Что-то бесформенное и чудовищное, мутное и липкое тысячами толстых губ
присасывалось к Юрасову, целовало его мокрыми нечистыми поцелуями,
гоготало. И орало оно тысячами глоток, свистало, выло, клубилось по земле,
как бешеное. Широкими круглыми рожами представлялись колеса, и сквозь
бесстыжий смех, уносясь в пьяном вихре, каждое стучало и выло:
- Маланья моя, лупо-гла-за-я...
И только поля молчали. Холодные и спокойные, глубоко погруженные в
чистую творческую думу, они ничего не знали о человеке далекого каменного
города и чужды были его душе, встревоженной и ошеломленной мучительными
воспоминаниями. Поезд уносил Юрасова вперед, а эта наглая и бессмысленная
песня звала его назад, в город, тащила грубо и жестоко, как
беглеца-неудачника, пойманного на пороге тюрьмы. Он еще упирается, он еще
тянется руками к неизведанному счастливому простору, а в голове его уже
встают, как роковая неизбежность, жестокие картины неволи среди каменных
стен и железных решеток. И то, что поля так холодны и равнодушны и не хотят
ему помочь, как чужому, наполняет Юрасова чувством безысходного
одиночества. И Юрасов пугается - так неожиданно, так огромно и ужасно это
чувство, выбрасывающее его из жизни, как мертвого. Если бы он заснул на
тысячу лет и проснулся среди нового мира и новых людей, он не был бы более
одинок, более чужд всему, чем теперь. Он хочет вызвать из памяти что-нибудь
близкое, милое, но его нет, а наглая песня ревет в порабощенном мозгу и
родит печальные и жуткие воспоминания, бросающие тень на всю его жизнь.

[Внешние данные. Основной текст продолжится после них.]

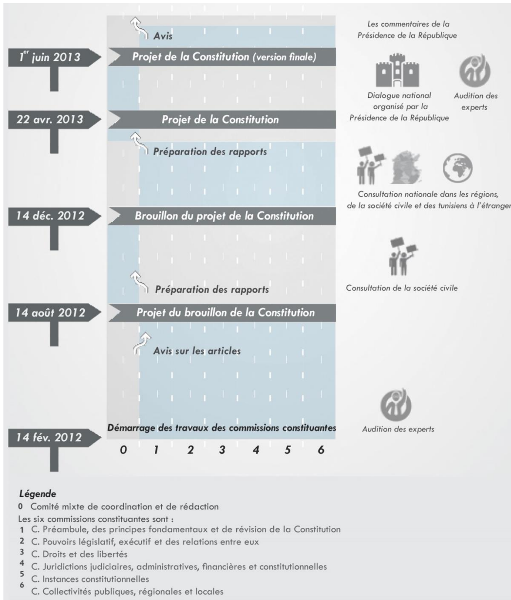
Schéma n°2. Processus constituant : Jusqu'à la publication du projet du 1 er juin 2013

30 juillet 2013 : Reprise du « Dialogue national ». L'UGTT, l'UTICA, la LTDH et l'Ordre des avocats élaborent une feuille de route pour essayer de sortir le pays de la crise 2648 . Assimilés à une tentative de coup d'Etat, Ennahdha et le CPR rejettent la feuille de route, seul Ettakatol l'accepte.
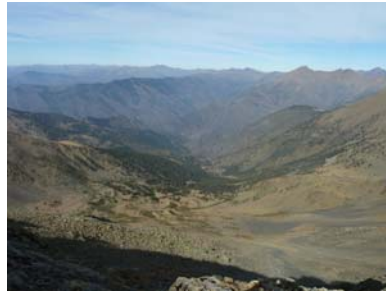
Nord: la vall de Tor als nostres peus.
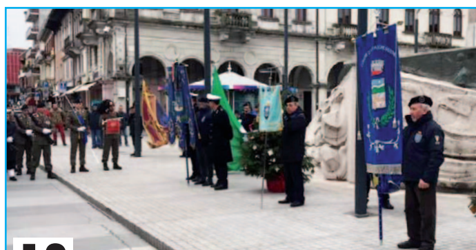
13 GIORNATA IN RICORDO DEI SOTTUFFICIALI CADUTI IN SERVIZIO
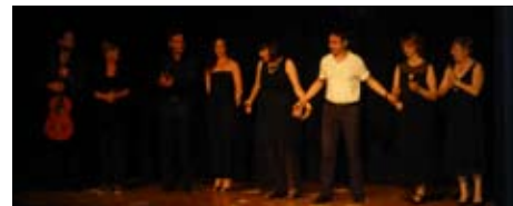
Le poesie di Garcia Lorca in Sala Comelli
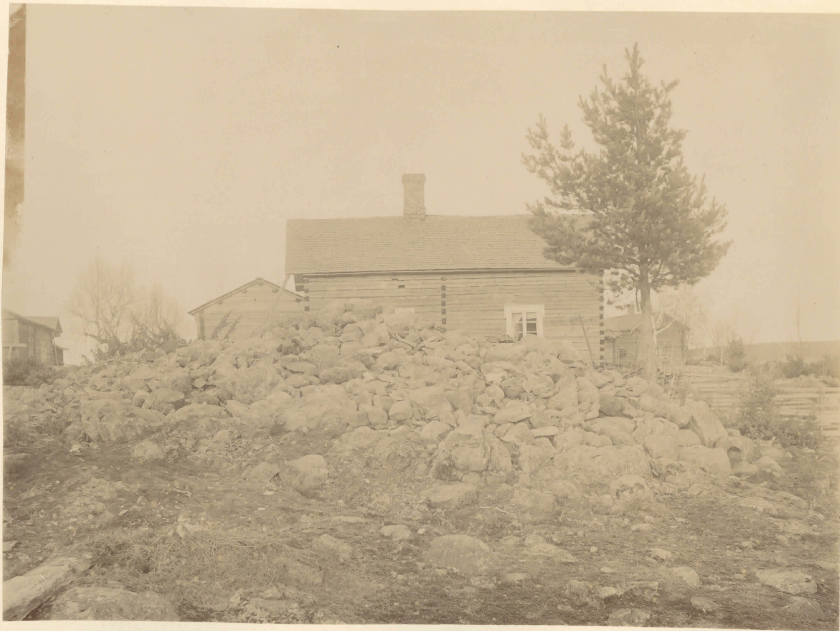
Gräfsöset från stenåldern å „Uotinmäen Kulmakunta, Rösen återställt efter undersökning. Se H. J. Heikels berättelse 26/XI 1897 till S. 38.

Вот
тот же сад, где пели эту "Маланью". И в этом саду он украл что-то, и его
ловили, и все были пьяны: и он, и те, кто гнались за ним с криком и
свистом. Он спрятался где-то, в каком-то темном углу, в черной дыре, и его
потеряли. Он долго сидел там, возле каких-то старых досок, из которых
торчали гвозди, рядом с развалившейся бочкою засохшей извести;
чувствовались свежесть и покой разрыхленной земли, и молодым тополем сильно
пахло, а по дорожкам, недалеко от него, гуляли разодетые люди, и музыка
играла. Прошла мимо серая кошка, задумчивая, равнодушная к говору и
музыке,- такая неожиданная в этом месте. И она была добрая кошка: Юрасов
позвал ее: "кыс-кыс", и она подошла, помурлыкала, потерлась у его колен и
дала поцеловать себя в мягкую мордочку, пахнувшую мехом и селедкой. От его
поцелуев она зачихала и ушла, такая важная и равнодушная, как
высокопоставленная дама, а он после этого вылез из своей засады, и его
схватили.
Но там была хоть кошка, а здесь только равнодушные и сытые поля, и
Юрасов начинает ненавидеть их всею силою своего одиночества. Если бы дать
ему силу, он забросал бы их камнями; он собрал бы тысячу людей и велел бы
вытоптать догола нежную лживую зелень, которая всех радует, а из его сердца
пьет последнюю кровь. Зачем он поехал? Теперь он сидел бы в ресторане
"Прогресс", и пил бы вино, и разговаривал, и смеялся. И он начинает
ненавидеть ту, к которой едет, убогую и грязную подругу своей грязной
жизни. Теперь она богатая и сама содержит девушек для продажи; она любит
его и дает ему денег, сколько он захочет, а он приедет и изобьет ее до
крови, до поросячьего визга. А потом он напьется пьян и будет плакать,
душить себя за горло и петь, рыдая:
- Маланья моя...
Но колеса уже не поют. Устало, как больные дети, они жалобно рокочут и
точно жмутся друг к другу, ища ласки и покоя. С высоты спокойно глядит на
него строгое звездное небо, и со всех сторон обнимает его строгая,
девственная тьма полей, и одинокие огоньки в ней - как слезы чистой жалости
на прекрасном задумчивом лице. А далеко впереди маячит зарево станционных
огней, и оттуда, от этого светлого пятна, вместе с теплым и свежим воздухом
ночи, прилетают мягкие и нежные звуки музыки. Кошмар исчез,- и с привычной
легкостью человека, который не имеет места на земле, Юрасов сразу забывает
его и взволнованно прислушивается, улавливая знакомую мелодию.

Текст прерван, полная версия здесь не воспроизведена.